Smartwatches podem detectar precocemente doença de Parkinson

Saúde
18 de Julho, 2023
Smartwatches podem detectar precocemente doença de Parkinson

Uma nova pesquisa, publicada na Nature Medicine e feita no Reino Unido, revelou que smartwatches podem ajudar a identificar a doença de Parkinson até sete anos antes do surgimento de sintomas. A descoberta tem implicações para a pesquisa, pois permitirá melhor recrutamento de pessoas para ensaios clínicos, Além disso, futuramente, na prática clínica, possibilitará que pacientes em estágios menos avançados tenham acesso a tratamentos, quando eles estiverem disponíveis.  

Leia mais: Exame para Parkinson: estudo avalia solução para diagnóstico precoce

Smartwatches e Parkinson

A Doença de Parkinson é uma doença degenerativa do sistema nervoso central, crônica e progressiva. É causada pela morte de neurônios, em especial em uma área do cérebro conhecida como substância negra . Elas são responsáveis pela produção de dopamina, um neurotransmissor que, entre outras funções, ajuda na realização dos movimentos voluntários do corpo de forma automática.

Na falta de dopamina, o indivíduo perde controle motor. A lentidão dos movimentos e os tremores nas extremidades das mãos costumam ser os primeiros sinais e o diagnóstico é essencialmente clínico, baseado nos sintomas descritos.  

No estudo, os pesquisadores compararam dados de participantes com a doença com os de outro grupo que recebeu o diagnóstico até sete anos após a coleta dos dados. 

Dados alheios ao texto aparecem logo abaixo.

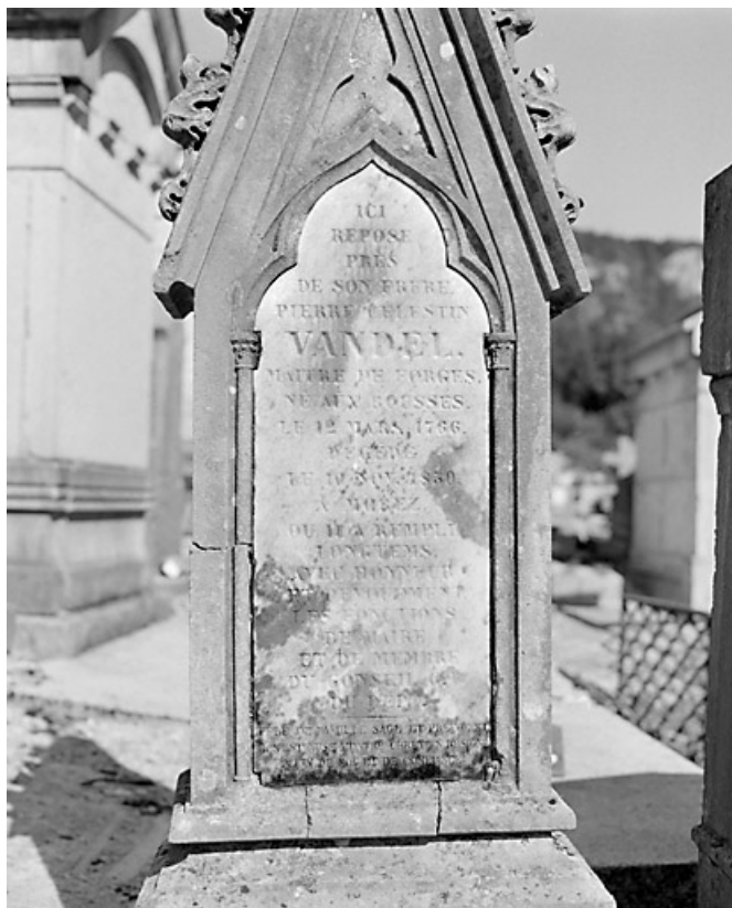
Stèle de Pierre-Célestin Vandel : détail de l'inscription.

39, Morez, 10 allée du 3 Septembre, lieudit : cimetière, quartier 4

Nesse sentido, pesquisadores do Instituto de Pesquisa de Demência no Reino Unido (UK Dementia Research Institute) e do Instituto de Inovação em Neurociência e Saúde Mental (Neuroscience and Mental Health Innovation Institute – NMHII), da Universidade de Cardiff, contaram com o apoio de smartwatches.

Assim, eles utilizaram o dispositivo eletrônico para coletar, entre outros dados, informações sobre a aceleração dos movimentos de 103.712 participantes do Biobanco do Reino Unido. O banco de dados reúne dados disponível para a comunidade científica com mais de meio milhão de pessoas entre 40 e 69 anos. Então, os dados foram coletados durante uma semana, nos anos de 2013 a 2016.

Inteligência artificial

A partir de inteligência artificial e modelos estatísticos, os pesquisadores filtraram as informações do banco de dados. Depois, eles definiram quais tinham melhor correlação com o diagnóstico da doença de Parkinson. Então, eles identificaram padrões relacionados à velocidade de movimento e qualidade do sono que tinham relação com um futuro aparecimento da doença.

Os pesquisadores conseguiram demonstrar, ainda, que poderiam aplicar os resultados obtidos entre os participantes do estudo na população geral. Assim, identificar indivíduos que mais tarde acabariam desenvolvendo Parkinson.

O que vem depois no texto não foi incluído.